Après avoir ordonné aux habitants du nord de la bande de Gaza d’évacuer vers le sud au début de la guerre, les forces de défense israéliennes ont mené un assaut intense sur le sud de la bande de Gaza au cours des dernières semaines, notamment à Khan Younès [1]. Le plus grand hôpital de la ville, l’hôpital Nasser, a également été assiégé, et il ne reste plus que cinq médecins pour soigner les blessés. Cette semaine encore, des centaines de Palestiniens ont été tués par des bombes israéliennes, le nombre de morts depuis le mois d’octobre approchant les 28 000 [2].

The Intercept s’est entretenu avec Saleem Aburas, coordinateur des secours au sein du département de gestion des risques et des catastrophes du Croissant-Rouge palestinien, qui est bloqué à l’intérieur du complexe hospitalier Al-Amal depuis le 21 janvier.

«Le siège que nous subissons à l’intérieur de l’hôpital ressemble à un cauchemar sans fin», explique Saleem Aburas. «Bien qu’il y ait des blessé·e·s et des personnes décédées à l’extérieur de l’hôpital, nous sommes paralysés, incapables de les aider, car les tireurs d’élite des forces d’occupation et l’aviation israélienne prennent pour cible toute personne qui s’aventure à l’extérieur des locaux de l’hôpital.»

La capacité de l’hôpital à soigner les patients s’est détériorée en raison du blocus et de la pénurie de fournitures médicales essentielles, une situation encore aggravée par le manque d’eau potable et de nourriture. «Nous sommes confrontés à d’immenses défis pour fournir des soins de santé adéquats aux blessés, entravés par les restrictions imposées par les forces d’occupation sur l’entrée des fournitures médicales dans l’hôpital», selon Saleem Aburas

Pour ceux qui se trouvent à l’intérieur de l’hôpital, les communications avec le monde extérieur ont été largement coupées. (Pour se connecter à l’aide d’un téléphone portable et avoir accès à un réseau grâce à la carte eSIM, Aburas doit monter sur le toit de l’hôpital et risquer des bombardements ou des tirs de snipers). «La coupure des communications a été une autre source de terreur.
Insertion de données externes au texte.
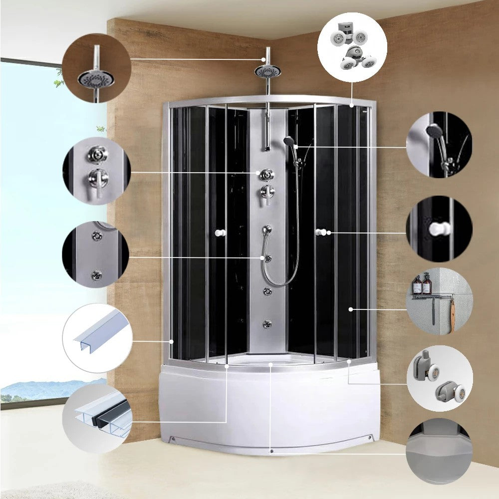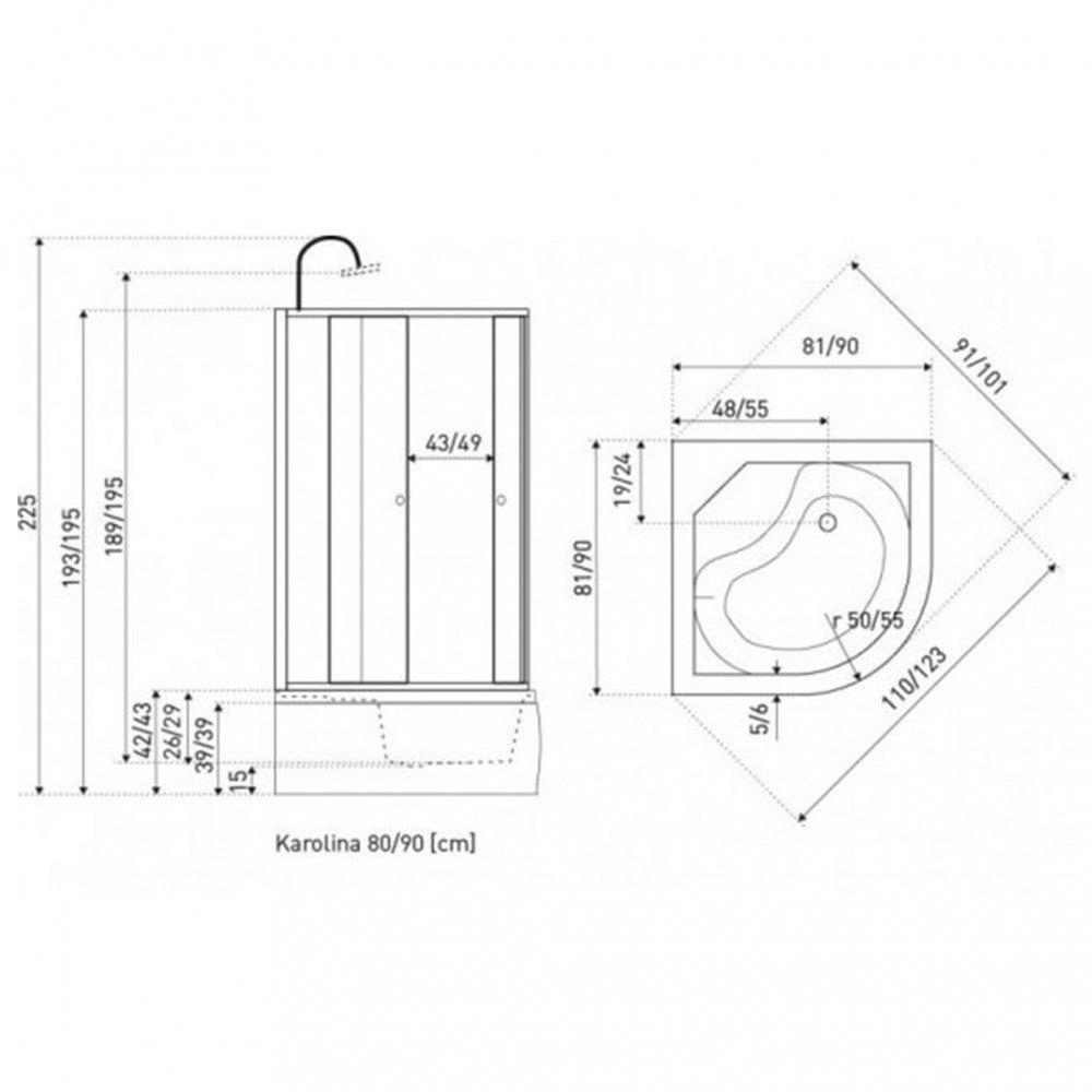 A Karolina hidromasszázs kádkabin Európai gyártmányú hidromasszázs zuhanykabin, választható kétféle méretben, alumínium profillal, 4 mm vastag biztonsági üveggel. Kiváló minőségű fehér akril zuhanytálca tartozik a termékhez, mély kialakítással.

Toutes les personnes piégées dans l’hôpital ne disposent d’aucune information sur leur famille et leurs proches à l’extérieur de l’hôpital. Tout ce que nous savons, c’est que les bombardements israéliens se poursuivent dans toute la bande de Gaza.»
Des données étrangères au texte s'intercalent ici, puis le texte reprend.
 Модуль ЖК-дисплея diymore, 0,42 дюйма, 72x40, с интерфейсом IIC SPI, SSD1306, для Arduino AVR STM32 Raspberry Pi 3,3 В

Saleem Aburas, qui est âgé de 30 ans et a rejoint le Croissant-Rouge en tant que volontaire en 2011, affirme que la guerre actuelle ne ressemble à rien de ce qu’il a vu à Gaza. «Bien que j’aie vécu six agressions israéliennes et de nombreuses escalades, le type de blessures que nous avons vues au cours de cette opération israélienne de destruction de la bande de Gaza est sans précédent, à tel point que les équipes médicales sont incapables de traiter des cas aussi critiques en raison de la détérioration de la situation sanitaire.» [3]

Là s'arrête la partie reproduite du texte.